We've found big-O running times for several algorithms
For Euclid's gcd algorithm in particular, we found *two* different big-O results (for the *same* algorithm):
1. t(n) = O(n)
2. t(n) = O(log n)
Which one is "right"?
They both are - it's just that big-O notation only captures upper bounds:
1. says that t(n) is "no worse than" C*n
2. says that t(n) is no worse than D*log(n)
Big Omega notation does lower bounds
Given two functions t: N -> R+U{0} and f: N -> R+,
one writes t(n) = Omega(f(n)) and says "t(n) is big-Omega of f(n)", if and only if the following occurs:
There is some (finite) constant D > 0 and some threshold n_0 so that t(n) >= D*f(n) for all n >= n_0.
Properties of big-Omega
1) t(n) = Omega(t(n)) no matter what function t you consider
Argument: take D=1 and n_0=1
Since obviously t(n) <= 1*t(n) for all n>=1, we're done
2) t(n) = Omega(K*t(n)) for any value of K > 0
Argument: take D=1/K and n_0=1
3) If t1(n) = Omega(f(n)) and t2(n) = Omega(g(n)),
then (t1+t2)(n) = Omega(f(n) + g(n))
Example: the worst-case time complexity of Euclid's gcd algorithm satisfies t(n) = Omega(log n)
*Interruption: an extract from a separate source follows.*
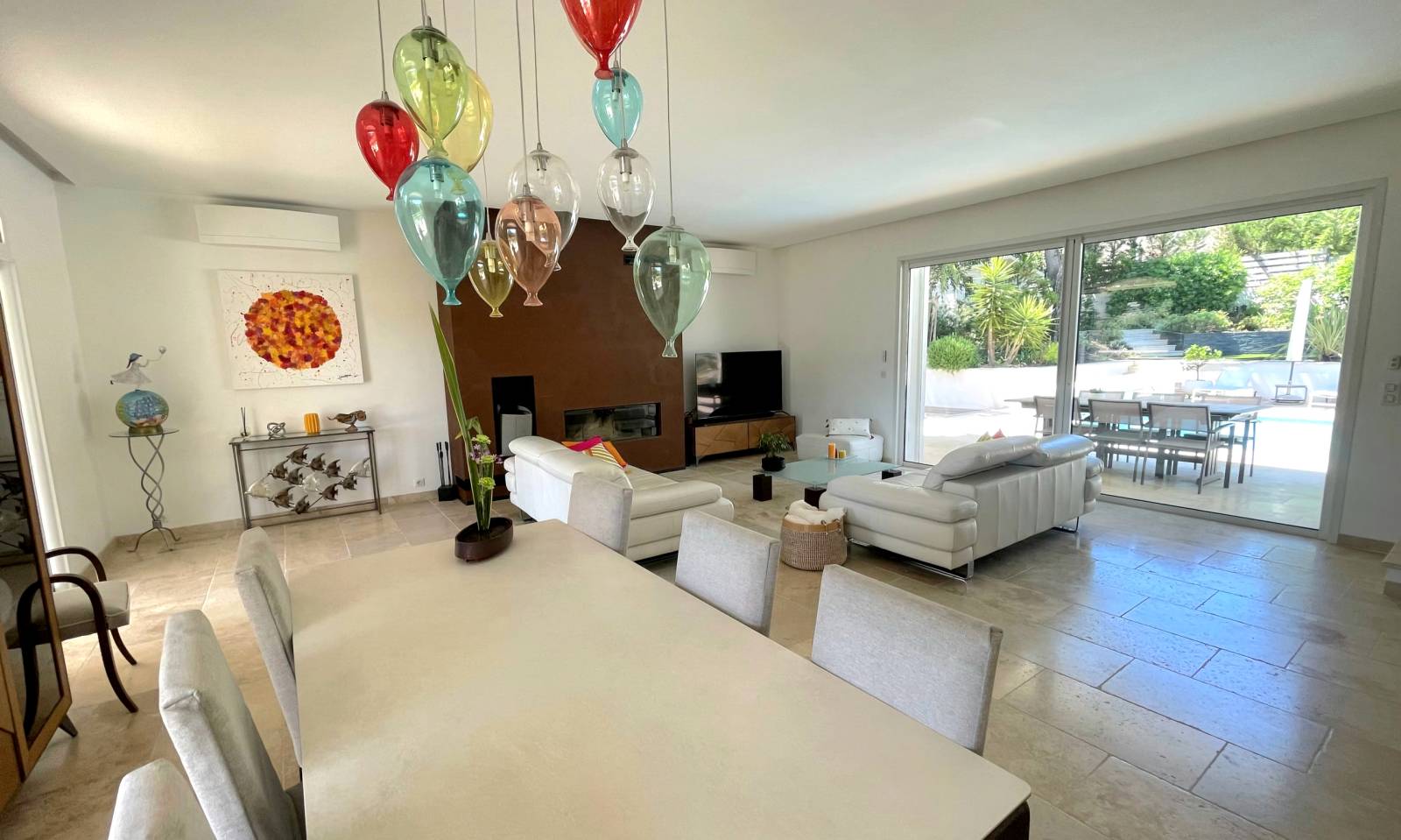 Cette splendide villa des années 70, intégralement rénovée en 2015, se compose de six pièces, incluant quatre chambres, chacune bénéficiant de sa propre salle d'eau et de toilettes privatives. Elle intègre une cuisine de type américain entièrement équipée, un séjour et un salon lumineux s'ouvrant sur un terrain paysager de 1272 mètres carrés. Ce dernier est agrémenté d'une belle piscine, d'un jacuzzi, d'un terrain de pétanque et d'une vaste aire de stationnement capable d'accueillir plusieurs véhicules. Grâce à des travaux de rénovation de qualité, cette villa de plus de 55 ans a remarquablement amélioré son Diagnostic de Performance Énergétique (DPE), atteignant les classes B et A. Cette prouesse permet des économies d'énergie significatives, la consommation du bien étant comparable à celle d'un appartement de 50 mètres carrés doté de trois pièces. Le montant de la taxe foncière s'élève à environ 3300 euros.

Argument: consider the instance m=f_{k-1}, n=f_k, where the f_i's are consecutive Fibonacci numbers
Notice that since n = f_{k-1} + f_{k-2} = m + f_{k-2} and since f_{k-2} < f_{k-1} = m,
the remainder n mod m is just f_{k-2}.
Therefore, the resulting execution proceeds as follows:
m n
f_{k-1} f_k = f_{k-1} + f_{k-2}
f_{k-2} f_{k-1} = f_{k-2} + f_{k-3}
f_{k-3} f_{k-2} = f_{k-3} + f_{k-4}
. .
. .
. .
0 1
The total number of rows in this table is k.
Constructing each row takes a constant number of steps.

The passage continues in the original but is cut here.